Vanessa Springora livre un témoignage délicat en proposant une succession de constats plutôt que des descriptions tendancieuses de ce qu’elle a vécu. On peut sentir la distance qu’elle a mise avec son passé en évitant tout sentimentalisme. Pourtant elle était amoureuse. Elle a eu envie de cet homme mais de cela, elle n’en parle presque pas. Elle raconte sans voyeurisme ni romance cette relation qu’elle décrit comme avoir subi.

A-t-on vraiment le choix à quatorze ans ? Telle est l’une des questions que pose ce roman. Elle évoque sans détour les mœurs très légères d’une époque post soixante-huitarde qui ne réfléchissait pas beaucoup aux conséquences de ses actes. Personne n’interviendra pour faire cesser sa relation avec cet homme même quand elle décroche du système scolaire. Aucun secours n’est venu alors elle a dû s’en sortir seule.

Mais s’en est-elle vraiment sortie ? Là est la seconde question de ce roman. Par-delà les mots, on peut sentir la colère et l’exaspération sourdre de ces lignes, elle qui continue de voir son bourreau encensé par le monde littéraire dans lequel elle travaille.

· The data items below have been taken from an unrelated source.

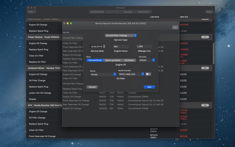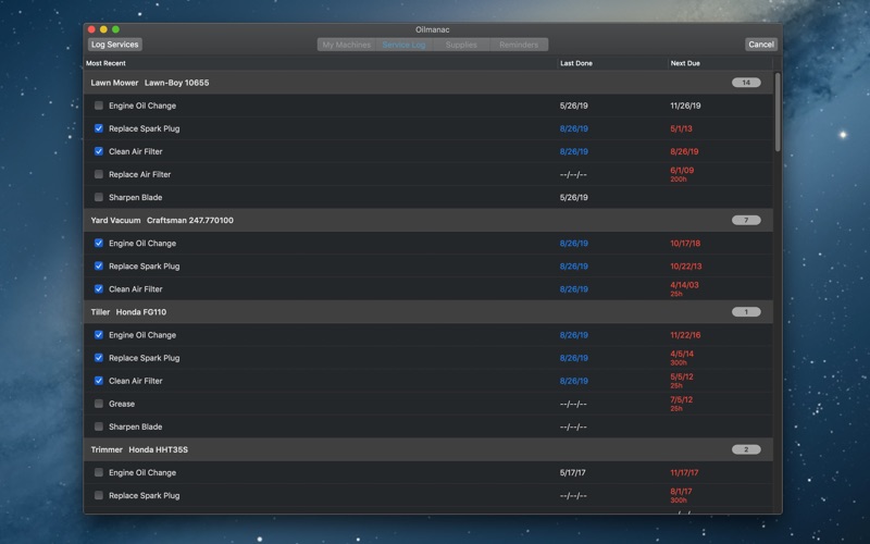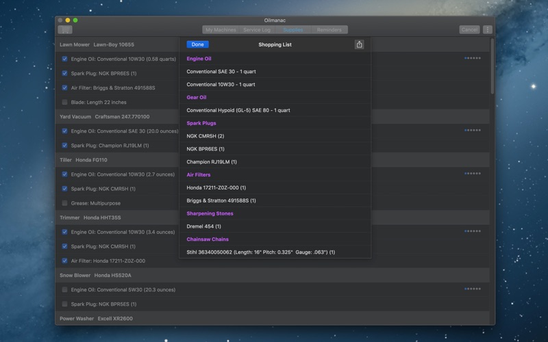 Oilmanac is a maintenance manager and service log for all your machines with small engines. It keeps all your maintenance data in one convenient place - on your Mac. No need to dig out the user manual and page through it every year to perform routine maintenance on your machine. Pull up the machine in Oilmanac, and all the information you need to perform the maintenance is immediately available. Once the maintenance is completed, you can easily record all the services you performed in the Service Log tab. Enter your model specifications and maintenance recommendations for each machine from your user manual, or download them from the user database if available. A wide variety of machine types are available: lawn mowers, lawn edgers, leaf blowers, yard vacuums, weed trimmers, hedge trimmers, tillers, power washers, water pumps, augers, chainsaws, log splitters, generators, snow blowers, outboard motors, personal water craft, all terrain vehicles, and snowmobiles. Available services are tailored to the specific machine, including oil and oil filter change, spark plug change, air filter clean and change, transmission/gear oil change for drivable machines, grease, and others. Additional features: ∙ Automatically download model specifications and maintenance recommendations from the user database ∙ Complete service record for all your machines ∙ Create shopping lists for material needed for service: oil, filters, spark plugs and more ∙ Set reminders when service is due for each machine, or schedule annually ∙ iCloud sync: all your machine data is stored securely in your iCloud account, and is available on all your macOS and iOS devices logged into iCloud - Mac, iPad, and iPhone. (Requires iCloud Drive. Oilmanac for iOS available as separate purchase from the App Store).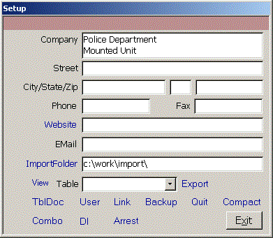 Click Setup on the Main menu to open the Setup form. Enter your Department info.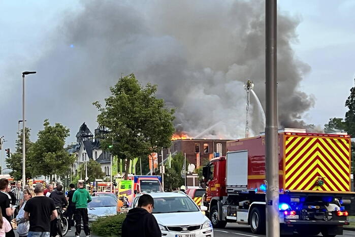 HERZOGENRATH - Zondagavond 21 mei was een grote brand ontstaan in een gebouw aan de Roermonder Straße - L232 in 112 Herzogenrath.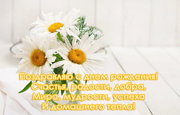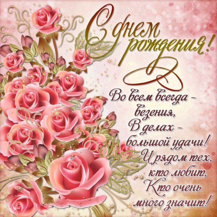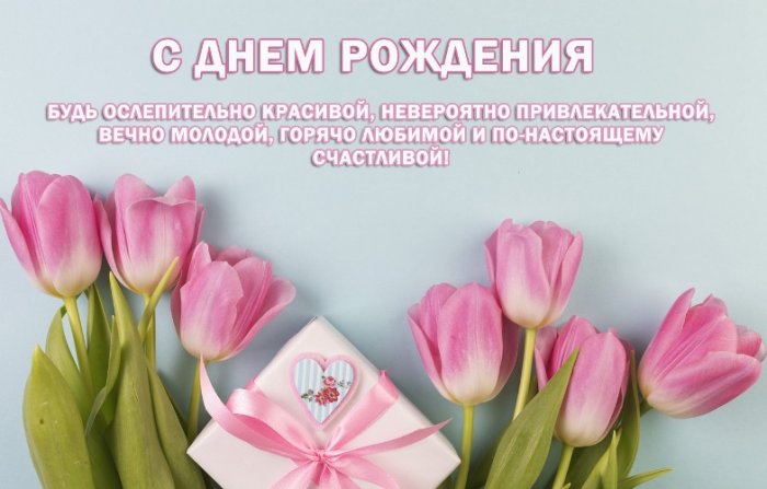 Радости, здоровья,Будь всегда неотразимой,Не исчезает никогда!Самой необыкновенной,Счастья, радости, добра,Желаю красоты,счастливой,прекрасной жизниБудь счастливой ежедневно,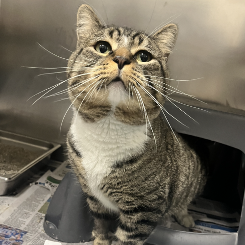 Jelly Roll is a big bundle of love and snuggles! He loves scratches and wants to hang out with his people and follow them all around the house. He’s quirky in all the best ways, and even does well with calm dogs!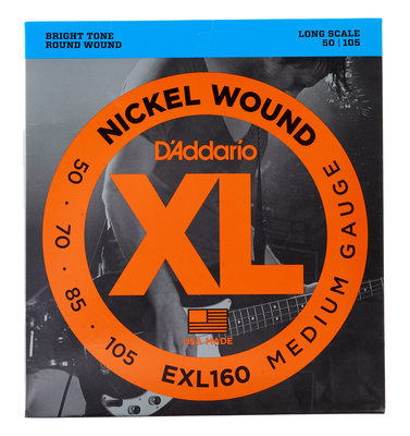 in GitarrensaitenDaddario EXL160Gitarrensaiten für E-Bass, Nickel Round Wound, Stärken 050-070-085-105 Regular/Long Scale, ausgewogener Klang
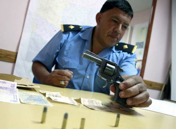 Una pareja fue detenida ayer a la 1 con un revólver calibre 22 corto (tenía 4 cartuchos y una vaina servida) por efectivos del Comando Radioeléctrico tras una persecución que terminó en el cruce Neuquén y José María Paz, Rawson. Según la policía, Richard Figueroa (21) tiró el arma a una acequia antes de ser requisado con su novia Yésica Álvarez (26).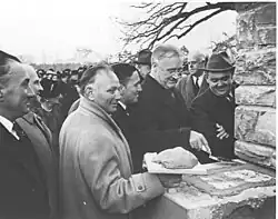 McShain to the left of President Franklin D. Roosevelt at the cornerstone laying of Franklin D. Roosevelt Library, Hyde Park, New York, November 19, 1939.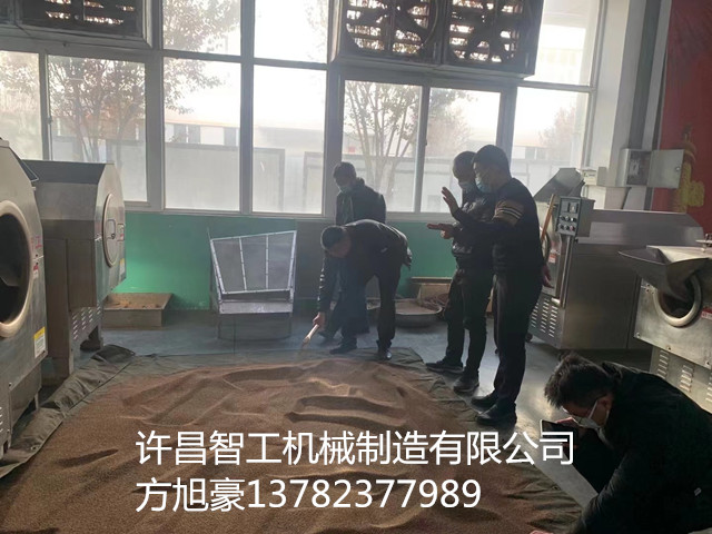 许昌智工DCCZ7-15型电磁炒货机一锅可炒制200斤芝麻,40分钟一锅,炒制出的芝麻鼓肚饱满均匀一致,客户非常满意。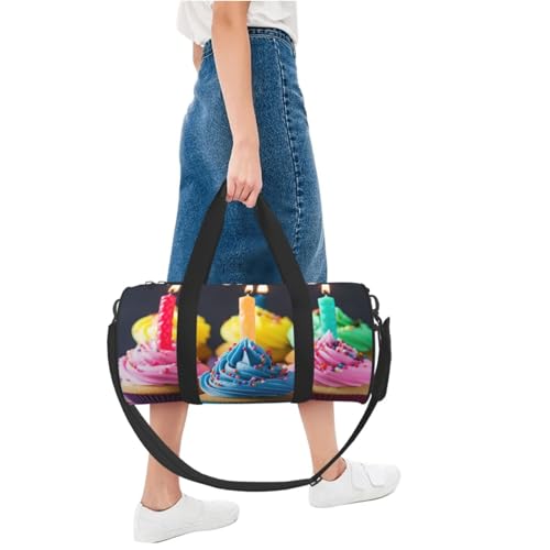 More information about Travel Duffel Bag Sports Gym Bag With Shoes Compartment,Lightweight Overnight Weekender Bag Colorful Happy Birthday Cupcakes Yoga Gym Sports Bag For Men Women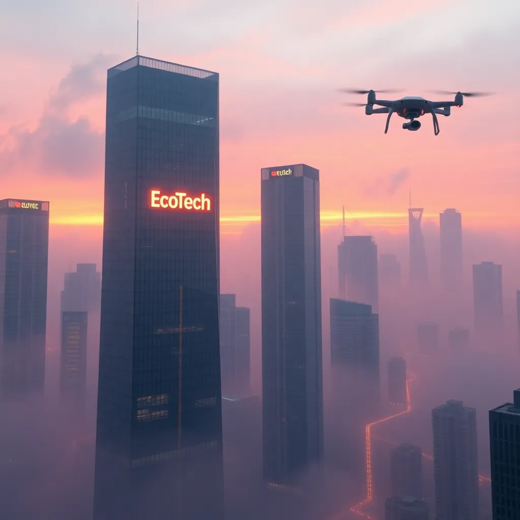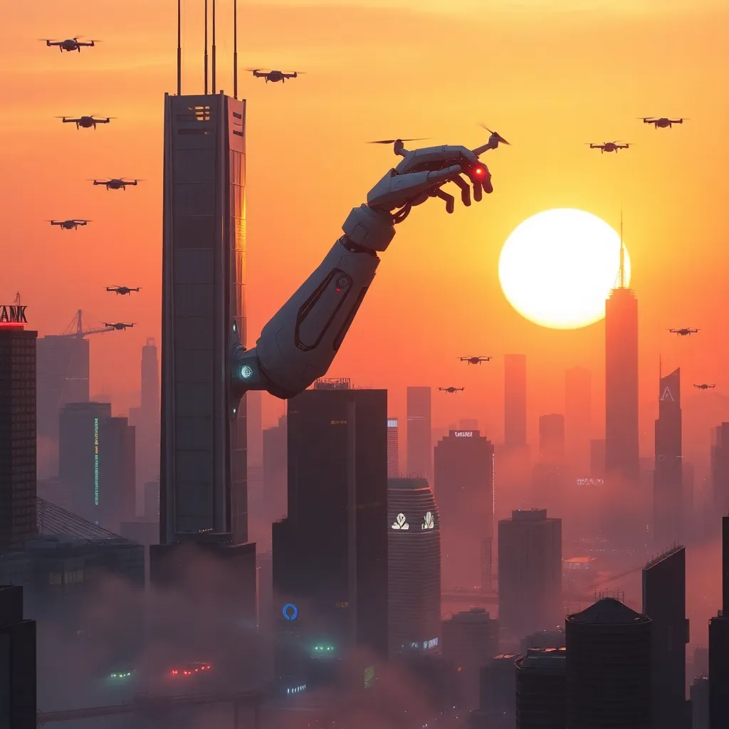 Create a futuristic cityscape at sunset with a giant robotic arm reaching out from a skyscraper, surrounded by hovering drones and sleek flying cars. Incorporate neon lights, misty fog, and a vibrant orange-pink sky. The robot's arm should be holding a glowing orb, symbolizing innovation and progress.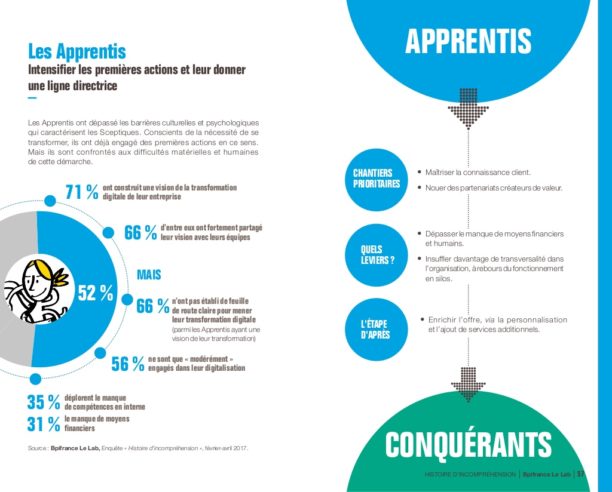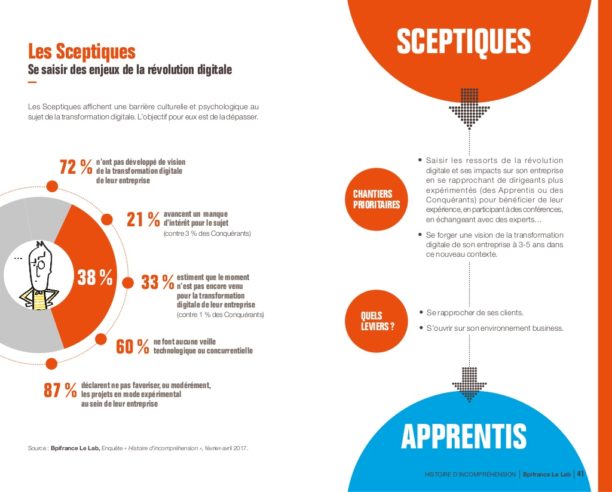 Selon la classification adoptée par BPI France, 38% des dirigeants sont sceptiques, 52% sont apprentis et 10% sont conquérants. Des fiches ont été réalisées pour rassembler les caractéristiques communes de ces catégories.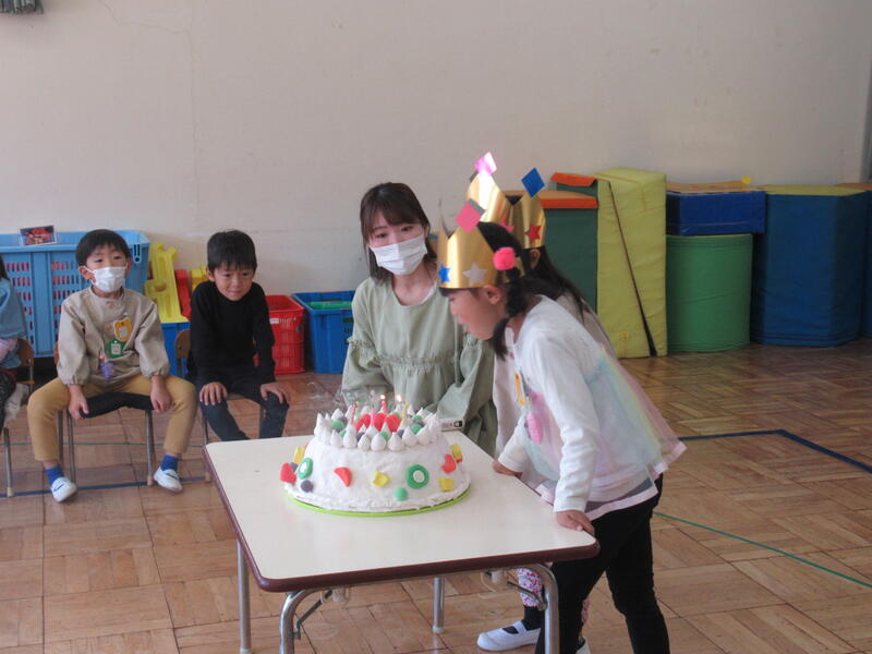 年長さんもお誕生ケーキのろうそくを上手に消せました。またまた、みんなから「おめでとう!」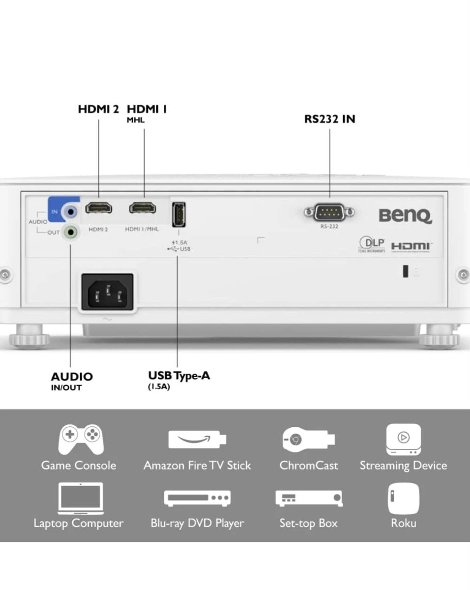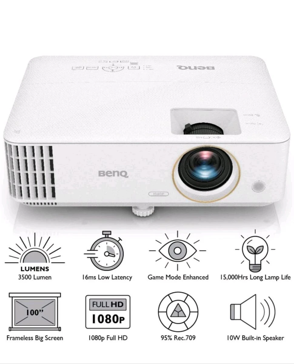 Full HD 1080P resolution: Full HD image quality with 1080 pixels, a brightness of 3,500 ANSI lumens and a contrast ratio of 10,000:1 for ultimate gaming in bright environment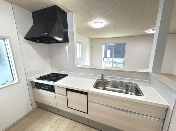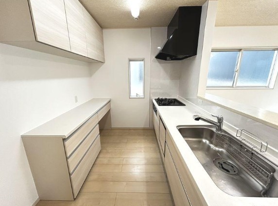 広々とした空間に、デザイン性の高いシステムキッチンが美しく調和。機能性と美しさが両立した、心地よいキッチンです。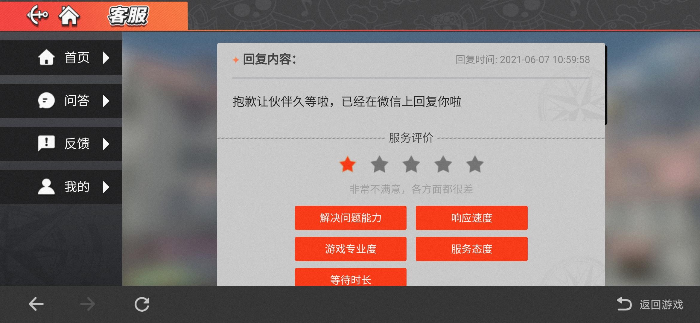 这游戏客服都开始欺骗玩家了吗?我微信毛都没收到!而且自动把我的单子给结束掉,连一点沟通的余地都没有!这尼玛不黄天理难容!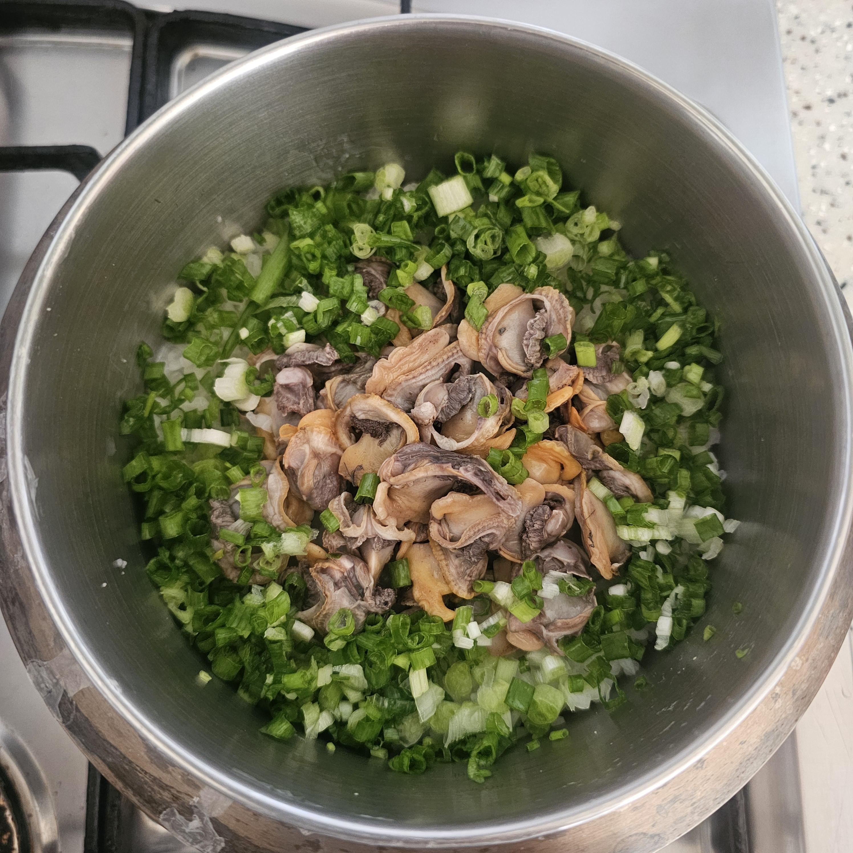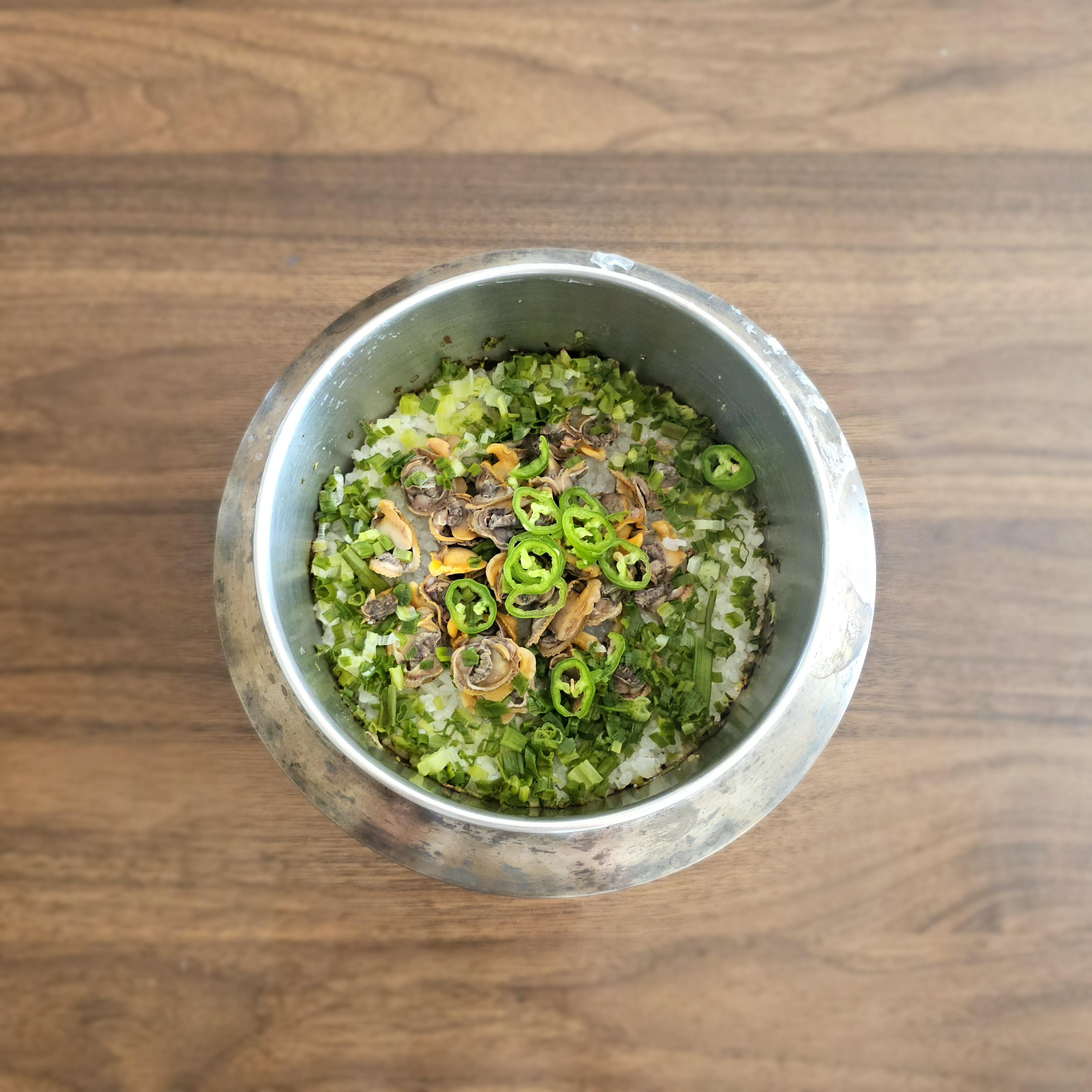 뜸 들이기 전 밥알이 다 익었으면 파를 얹고 꼬막살을 가운데 넣어줍니다.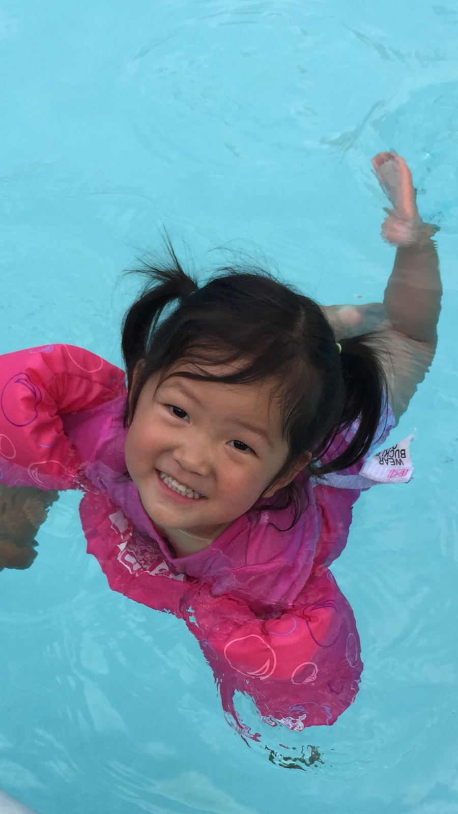 All smiles because she’s s-w-i-m-m-i-n-g!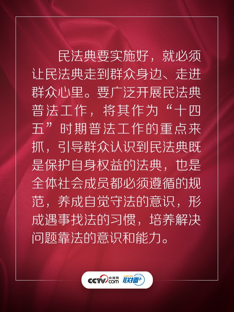 民法典回應了人民的期待,充滿了以人民為中心的底色。央視網(wǎng)《聯(lián)播+》特梳理習近平總書記相關(guān)話語,與您一起學習感悟。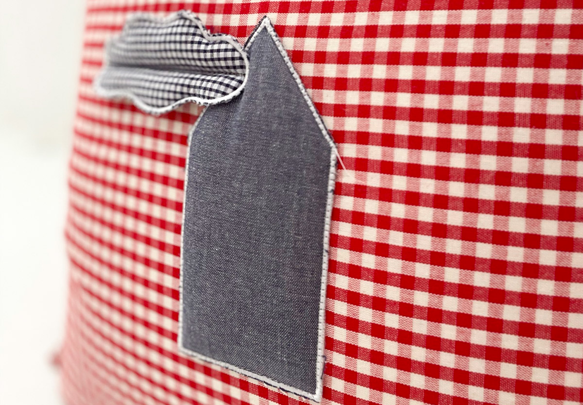 Casetta e nuvoletta, applicate e ricamate sul cuscino, disegnano un paesaggio poetico e familiare, rassicurante come un rifugio segreto.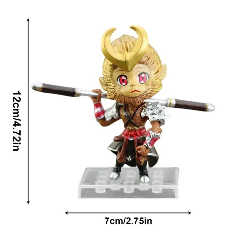 Made from premium PVC, this Sun Wukong figurine showcases impressive details, from intricate armor plating to his dual staff weapons, ready for battle. Measuring 12 cm (4.72 in) in height and 7 cm (2.75 in) in width, this figure is compact yet highly detailed, making it an eye-catching addition to any collection.

Dans l’émission Quotidien avec Yann Barthès, Vanessa Springora en promotion pour son livre, évoqua en larme cette relation et surtout l’image que le livre pourrait renvoyer d’elle à son fils âgé de quatorze ans aujourd'hui. Ces émotions qu’elle a montré à l’écran reflètent assez bien l’état d’esprit du livre. Elle semble toujours dans l’attente de briser l’emprise que cet homme a encore sur elle et il semble qu’elle n’y soit pas parvenue. A la fois touchant et dérangeant, le récit inquiète tout autant. Peut-on préserver nos enfants d’un manipulateur aussi habile et tenace ?

En résumé, ce livre nous poussent à essayer de comprendre comment tout cela a-t-il put arriver sans que l’on ne puisse répondre à cette question mais il se lit d’une traite alors lisez-le pour voir que cela existe, pour ne pas rester dans l’ignorance ou dans l’indifférence, comme toute une génération avant la nôtre.